Gardner based his list on findings from neurology, developmental and cognitive psychology, and anthropology. He argued that these intelligences can be shown to be localized in the brain; that they are exhibited in extreme form by idiots savants, prodigies and geniuses; that they have a clear developmental history; and that they are used in the performance of roles that cultures value around the world. In the book's final section, Gardner explored the educational implications of the theory, suggesting ways the intelligences can be exploited and fostered.

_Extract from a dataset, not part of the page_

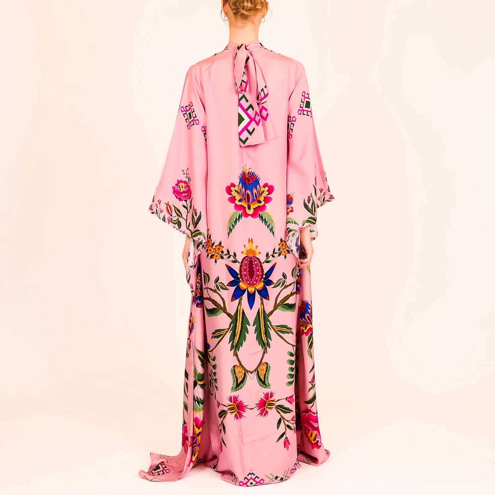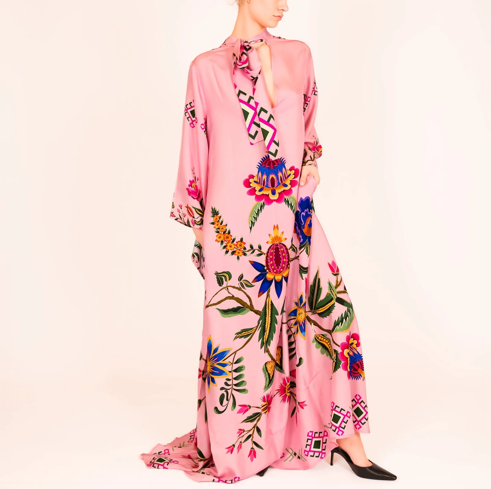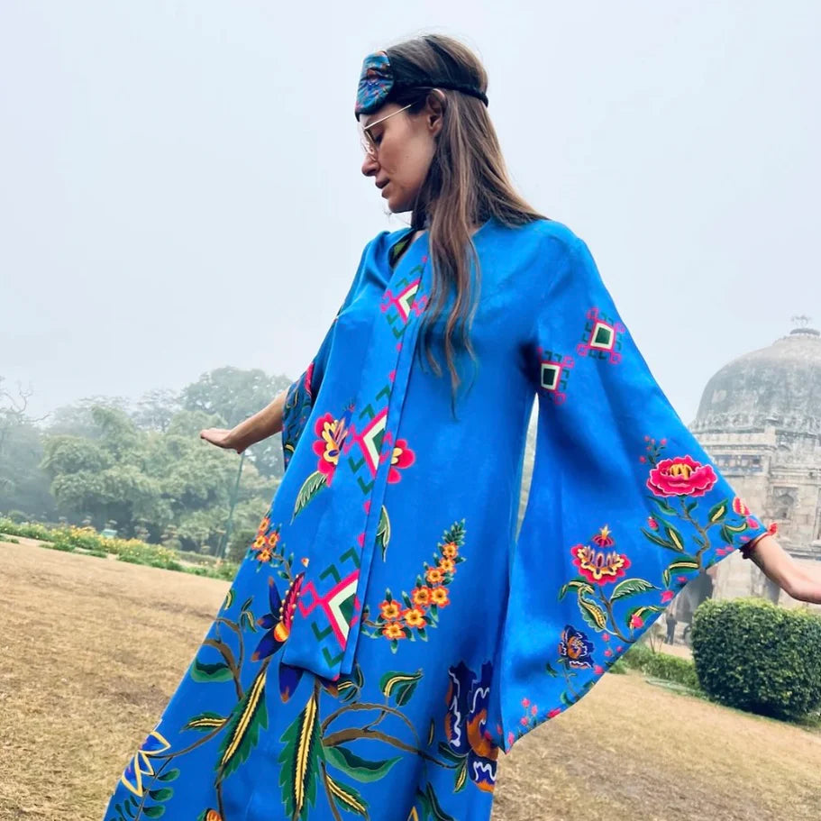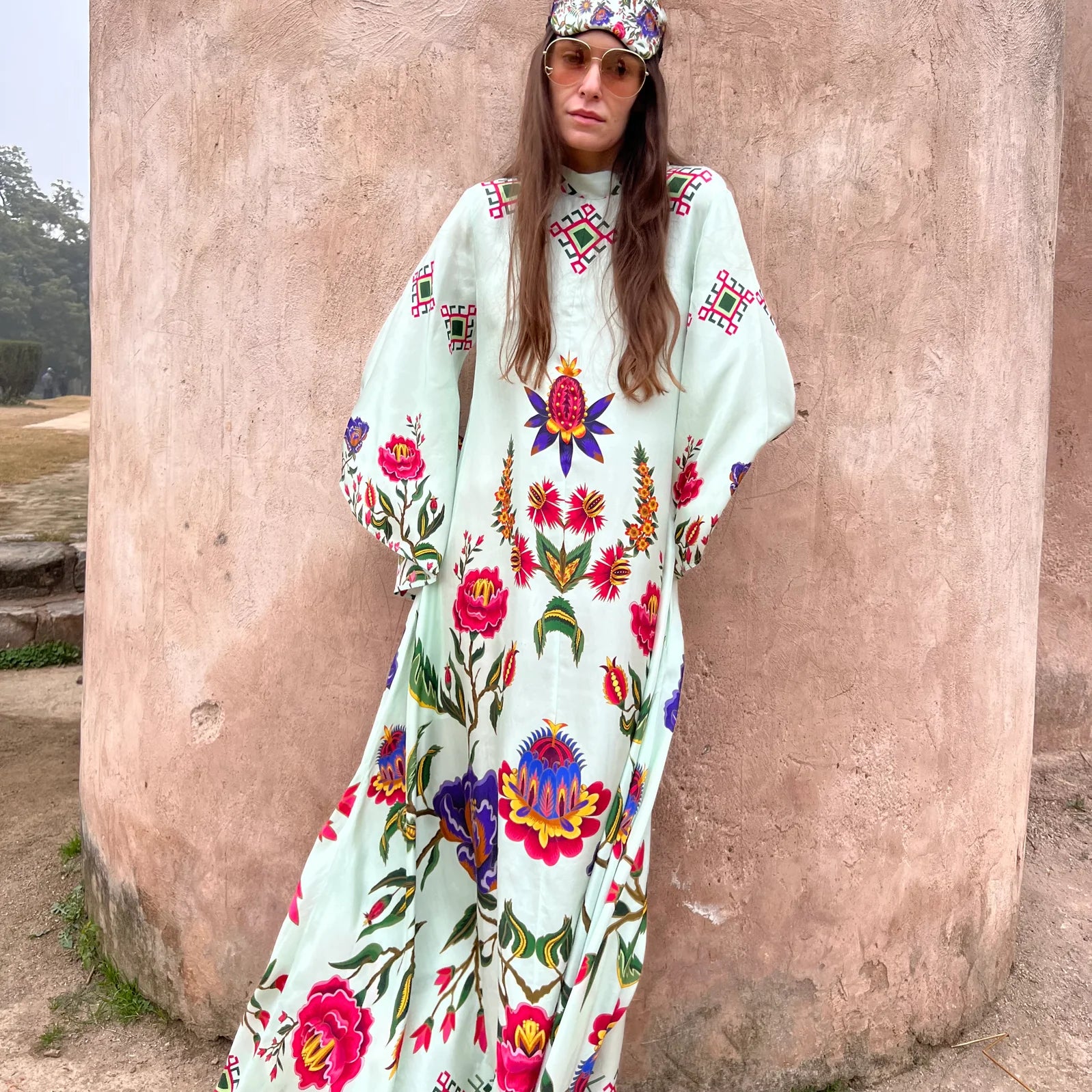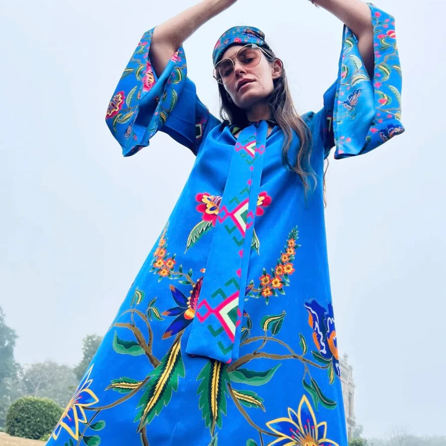 The "Ethno Floral Princess Dress" features an enchanting ethno-floral pattern, vibrant colors, and intricate details for a radiant and elegant look. The flowing silhouette accentuates your curves with grace and lightness, while the pure silk fabric adds a luxurious touch. Crafted with meticulous attention to detail, this Simone Bruns dress exudes exquisite craftsmanship and sophistication, making it a timeless classic.

Those who hold that intelligence is a single, general ability and those who say it consists of many factors have engaged in a long-standing, bitter debate (although even those who believe in general intelligence say there are many subordinate cognitive abilities). Reviewers praised Frames of Mind for eloquently making new arguments on behalf of the multifaceted position, but they complained that Gardner's theory is too speculative. "The discussion is all hunch and opinion," wrote George Miller, one of the founders of cognitive psychology. The eminent developmental psychologist Jerome Bruner, a onetime colleague of Gardner's, said the book was "in many ways brilliant" but that Gardner succeeded "only moderately well" in proving the existence and independence of the seven intelligences. In particular, Bruner said, the arguments for the kinesthetic and personal intelligences "stumble badly."
Some of the strongest doubts about Gardner's evidence were expressed in Frames of Mind by Gardner himself. "The most I can hope to accomplish here is to provide a feeling for each specific intelligence," he wrote. "I am painfully aware that a convincing case for each candidate intelligence remains the task of other days and other volumes." And at the very end of the book, he warned that his work "needs to be amply discussed and tested" in the fields of biology and cognitive science before it is put into practice. "We are not yet certain," he said, "of the goodness of the idea of multiple intelligences."